Calas tranquilas en el sur

El suroeste tiene aguas más calmadas y un tiempo fiablemente mejor, y también tiene arena negra. Playa de la Arena, en Puerto de Santiago, es la más destacada: una bahía compacta de arena oscura con aguas transparentes y por lo general apacibles, bien cuidada y con los acantilados de Los Gigantes a pocos minutos más arriba por la costa. Es un lugar ideal para pasar la tarde y una combinación natural con una ruta por los acantilados.

Cerca, Alcala cuenta con una pequeña playa oscura junto a un puerto en funcionamiento y una plaza genuinamente agradable, lo que la convierte en una parada para comer mejor que la de la mayoría de los grandes complejos turísticos. Estos rincones más pequeños recompensan la flexibilidad que te da un coche, porque son incómodos de alcanzar en transporte público y rara vez aparecen en los itinerarios organizados.

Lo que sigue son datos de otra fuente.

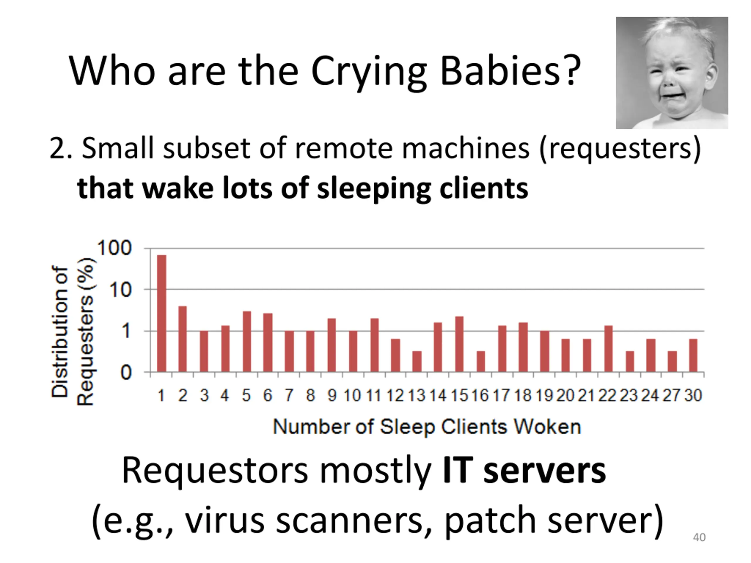 Who are the Crying Babies? 2. Small subset of remote machines (requesters) that wake lots of sleeping clients Requestors mostly IT servers (e.g., virus scanners, patch server) 40

Conviene saber que muchas de las playas del sur más conocidas, en torno a Playa de las Americas y Costa Adeje, son doradas y no negras, y en varios casos la arena fue traída de fuera. No tienen nada de malo, pero si lo que buscas es el aspecto volcánico, conduce un poco más hacia el oeste o el norte.

Aparcamiento, mareas y qué llevar

El aparcamiento es la principal limitación. Las playas populares se llenan a media mañana en temporada alta, y las más pequeñas a menudo solo tienen sitio para un puñado de coches al final de un camino estrecho. Llega temprano o llega tarde; el mediodía es lo peor de ambos mundos. Nunca bloquees un camino o una zona de giro, porque son vías de uso diario para quienes viven allí.

Comprueba las banderas siempre, en cada playa, incluidas las que ya hayas visitado. Las condiciones en la costa norte cambian rápidamente y una playa que estaba en calma por la mañana puede ser peligrosa por la tarde. Donde no haya socorrista, sé prudente. Las mareas también importan más en las calas pequeñas, algunas de las cuales encogen considerablemente con la marea alta.

Lleva calzado para la arena caliente, más agua de la que pienses beber y una toalla que no te importe que se vuelva gris, porque la fina arena volcánica se adhiere a todo. Con un coche descapotable, lleva una bolsa para cualquier objeto suelto y recuerda que el habitáculo se calienta muchísimo cuando se aparca al sol directo. No dejes nada a la vista en el interior, sube la capota mientras estés lejos del coche y disfruta del regreso por la costa con la luz más suave del final de la tarde.